Senate Minority Leader Chuck Schumer, D-N.Y., served on the Judiciary Committee in 2009. During the confirmation for Supreme Court nominee Sonia Sotomayor, Schumer said that even in “hot-button cases,” judges should follow the law even if it results in rulings against so-called sympathetic litigants.”

That’s an important principle to follow as the Senate considers Judge Brett Kavanaugh’s Supreme Court nomination.

Sotomayor herself embraced this principle, saying that even if a party’s position is “sympathetic,” the judge must do “what the law requires” and reach “the result [that] is commanded by law.” In other words, the law, not the judge, must determine how each case is decided.

This is easier said than done, especially in the tough cases that can present a conflict between what the judge’s head knows the law requires and what the judge’s heart wants to do. Kavanaugh has had some of those tough cases in his 12 years on the bench. I wrote about one of those cases in a previous post.

Another tough case was SeaWorld of Florida v. Perez (2014). During a live performance at SeaWorld in Orlando, Florida, a trainer drowned when a killer whale grabbed and pulled her into the pool.

The secretary of labor concluded that SeaWorld had violated federal law by exposing trainers to the “recognized hazards” of drowning and injury when working with killer whales. An administrative law judge agreed.

SeaWorld appealed to Kavanaugh’s court, which has jurisdiction over many federal government agencies.

The court majority agreed with the secretary of labor, but Kavanaugh dissented, noting the obvious fact that “[m]any sports and entertainment shows can be extremely dangerous for the participants.” When something like this happens, there may be an urgent feeling that “someone has to do something about this,” but the legal question, Kavanaugh wrote, is who really has the authority to determine that “the risk to participants is too high?”

The sports and entertainment industries themselves obviously have a big responsibility. If government must get involved, it’s important to determine which level of government—federal or state—and which branch of government— legislative, executive, or judicial—may appropriately get involved. More specifically, does the Department of Labor have the authority that it exercised here?

While federal law requires that employers provide a place of employment that is “free from recognized hazards,” Kavanaugh wrote, this does not include the power to define “the normal activities of sports events or entertainment shows.” Whether those normal activities are too dangerous or should be banned is a policy issue that the Department of Labor does not have authority to decide. In fact, the Department of Labor had never done so until this case.

The Department of Labor had previously denied that it could exercise this authority by, for example, regulating tackling in the NFL or speed in NASCAR racing. How is contact between trainers and killer whales any less an ordinary activity in SeaWorld shows and, therefore, how could the Department of Labor exercise authority in this context if it had no authority in the others?

“In my view,” Kavanaugh wrote, “the Department of Labor either has authority to regulate sports and entertainment so as to prevent injuries to participants, or it does not.”

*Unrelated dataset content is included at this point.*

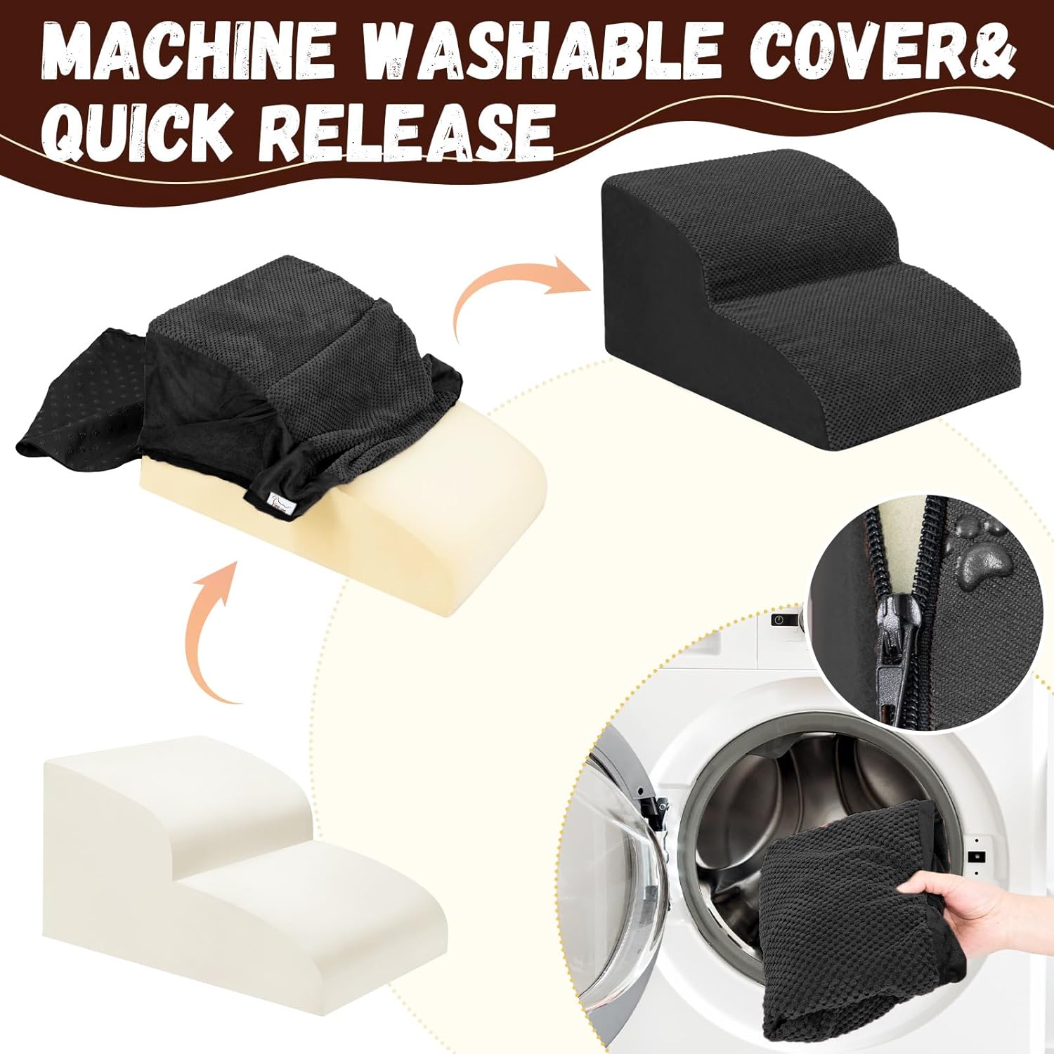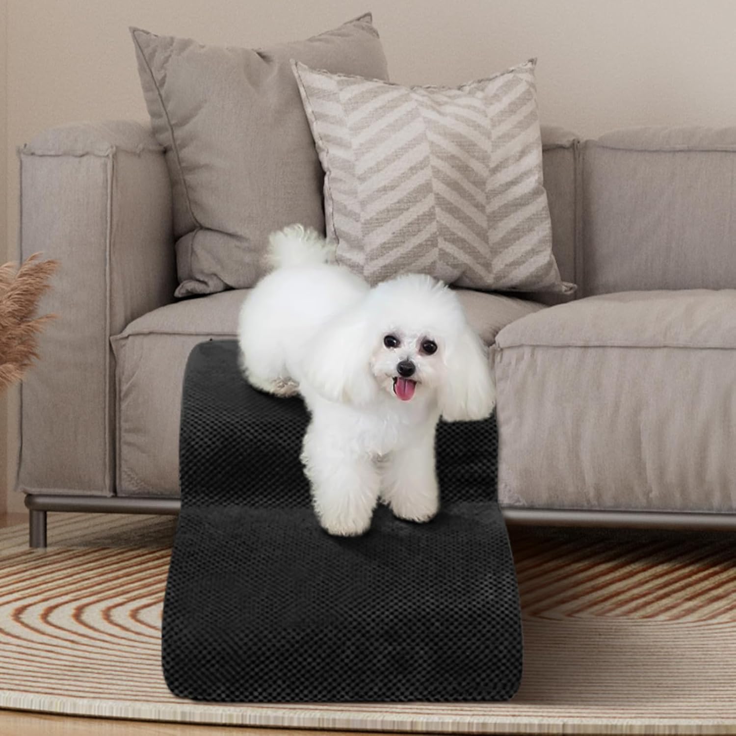 • Double Sided Anti Slip: The dog steps cover is made of corduroy with greater friction than other fabrics, which provides extra grip while in use, the bottom features nonslip rubber dots, preventing pets from sliding while climbing, providing pets with double safety protection
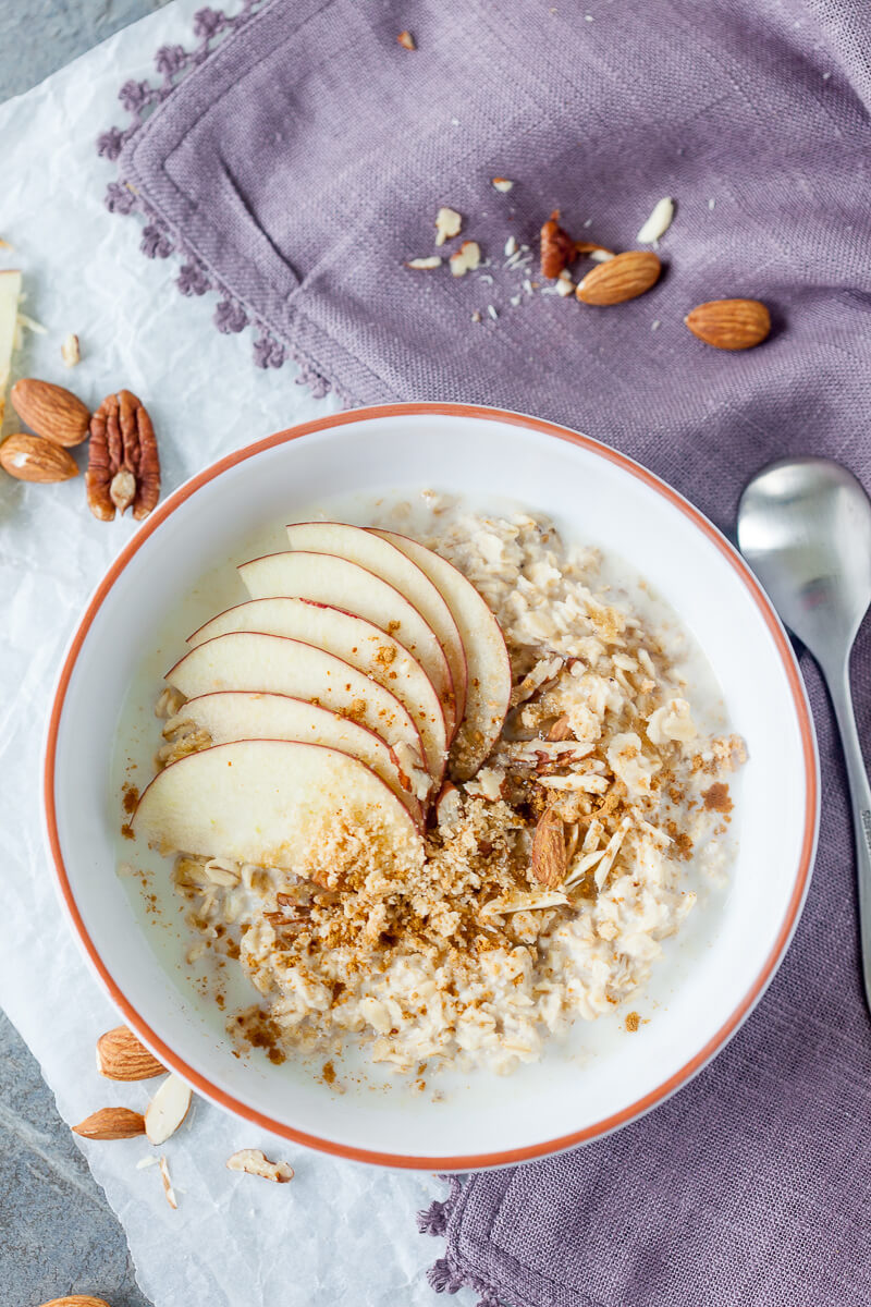 ¡Esta deliciosa y saludable papilla de azúcar de manzana con avena crujiente de nueces es la manera perfecta de comenzar un día ajetreado!

Kavanaugh concluded his dissent by distinguishing between the policy question of “whether SeaWorld—or for that matter the NFL or NASCAR—should be subject to more stringent government regulation or liability” and the legal question of whether the Department of Labor may provide the answer.

Could there be a less sympathetic litigant than a corporation suing to avoid being fined in connection with an employee’s death?

Like Sotomayor and Schumer insisted in 2009, however, a judge must follow the law even when his sympathies point in a different direction. That’s exactly the kind of judge Kavanaugh has been, and the kind of justice he will be.